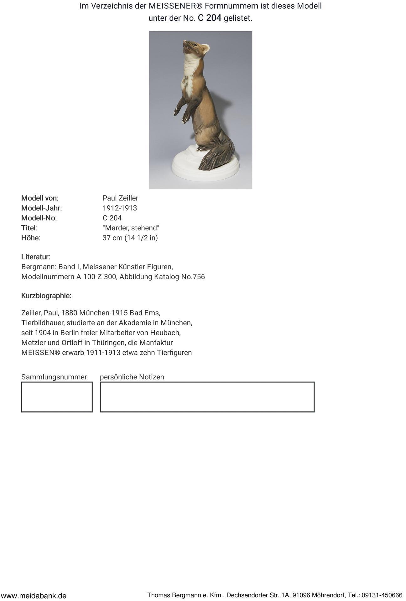 Zeiller, Tierbildhauer, studierte an der Akademie in München. Seit 1904 in Berlin freischaffend tätig. Die Meissener Manufaktur erwarb 1911-1912 mehrere Tierfiguren * Partnerauktion Bergmann.
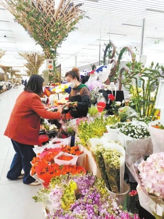 花卉交易市场的花农林丹早早来到了摊位,一边理货一边拿着手里的玫瑰花修剪,这日子以后就像这玫瑰花一样红红火火了。“党的二十大报告里描绘了美丽中国,使我深受鼓舞,绿水青山就是金山银山,坚持山水林田草沙一体化保护,就是保护我们花农的切身利益。”
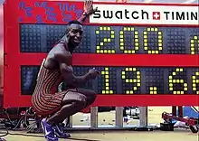 Michael Duane Johnson (born September 13, 1967) is an American retired sprinter who won four Olympic gold medals and eight World Championships gold medals in the span of his career.[2] He formerly held the world and Olympic records in the 200 m and 400 m, as well as the world record in the indoor 400 m. He also once held the world's best time in the 300 m. Johnson is generally considered one of the greatest and most consistent sprinters in the history of track and field.[3][4]
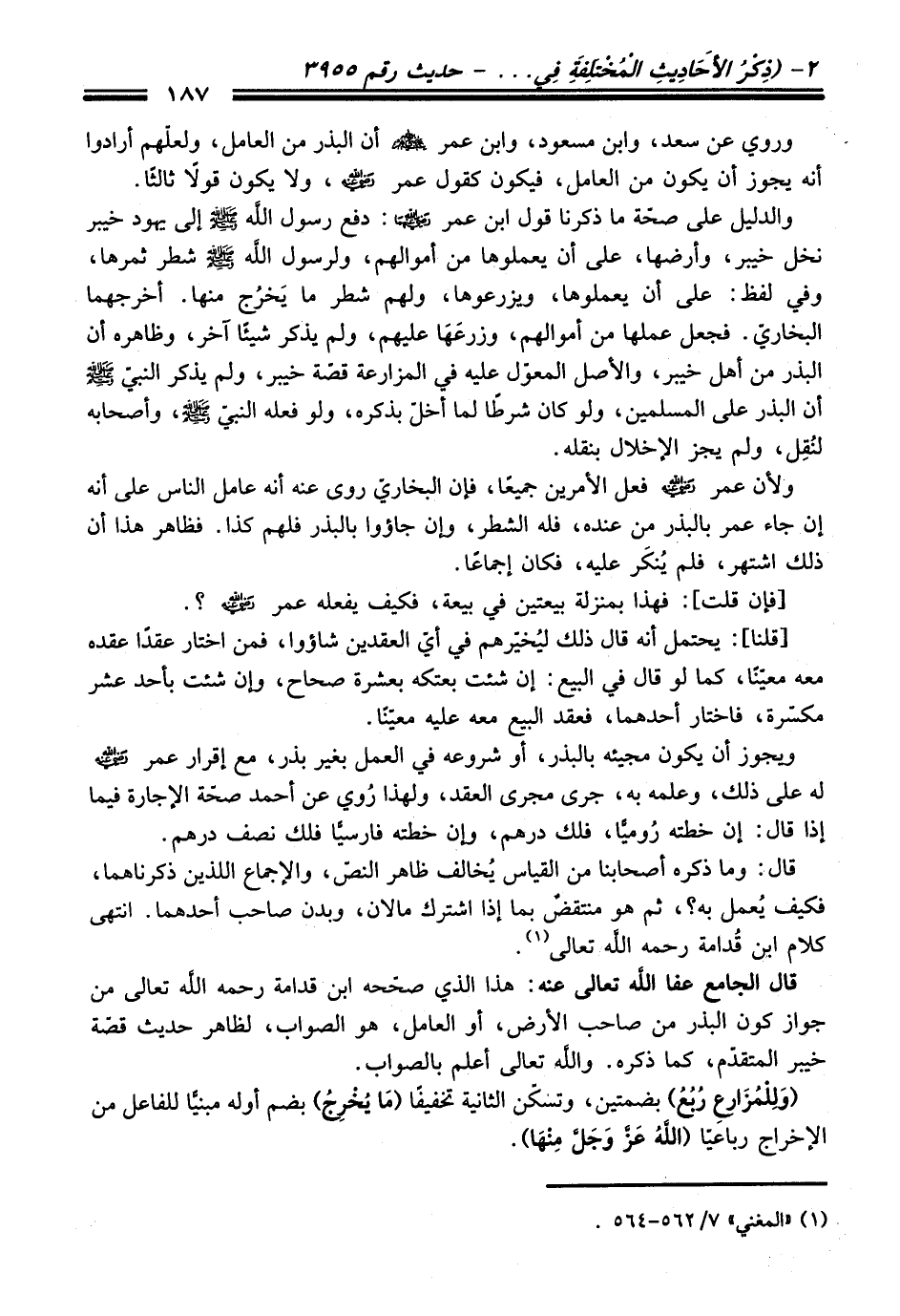 قال الجامع - عفا اللَّه تعالى عنه -: هذا الذي صحّحه ابن قدامة -رحمه اللَّه تعالى- من جواز كون البذر من صاحب الأرض، أو العامل، هو الصواب، لظاهر حديث قصّة خيبر المتقدّم، كما ذكره. واللَّه تعالى أعلم بالصواب.
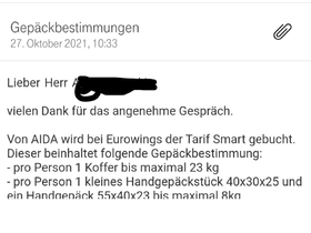 So hat AIDA den Hinflug gebucht..... also doch nur kleines Handgepäck.......
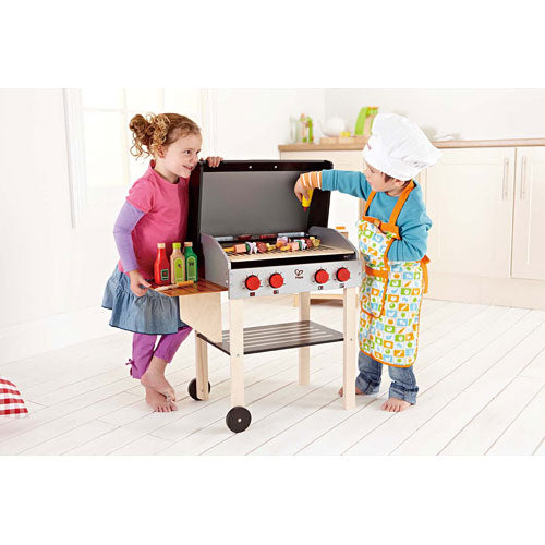 Keep an eye on those burgers! Is that fish done yet? This Gourmet Grill will have your youngster cooking with gas in no time! Little ones will love grilling up an imaginary BBQ feast for friends. A hood that opens and closes, adjustable dials, a collapsible side table, a double-sided grill rack... It seems so close to the real thing! With a little practice, maybe they can even teach Mom or Dad a thing or two about grilling that perfect, juicy burger. This set comes packaged with the Shish Kabob Set so your little chef can get to grilling in no time!
......
What the task asks: Starting at the top of the listing above, please restate word for word each line up to and including the one that holds "花卉交易市场的花农林丹早早来", omitting every image.

Written answer:
 Zeiller, Tierbildhauer, studierte an der Akademie in München. Seit 1904 in Berlin freischaffend tätig. Die Meissener Manufaktur erwarb 1911-1912 mehrere Tierfiguren * Partnerauktion Bergmann.
 花卉交易市场的花农林丹早早来到了摊位,一边理货一边拿着手里的玫瑰花修剪,这日子以后就像这玫瑰花一样红红火火了。“党的二十大报告里描绘了美丽中国,使我深受鼓舞,绿水青山就是金山银山,坚持山水林田草沙一体化保护,就是保护我们花农的切身利益。”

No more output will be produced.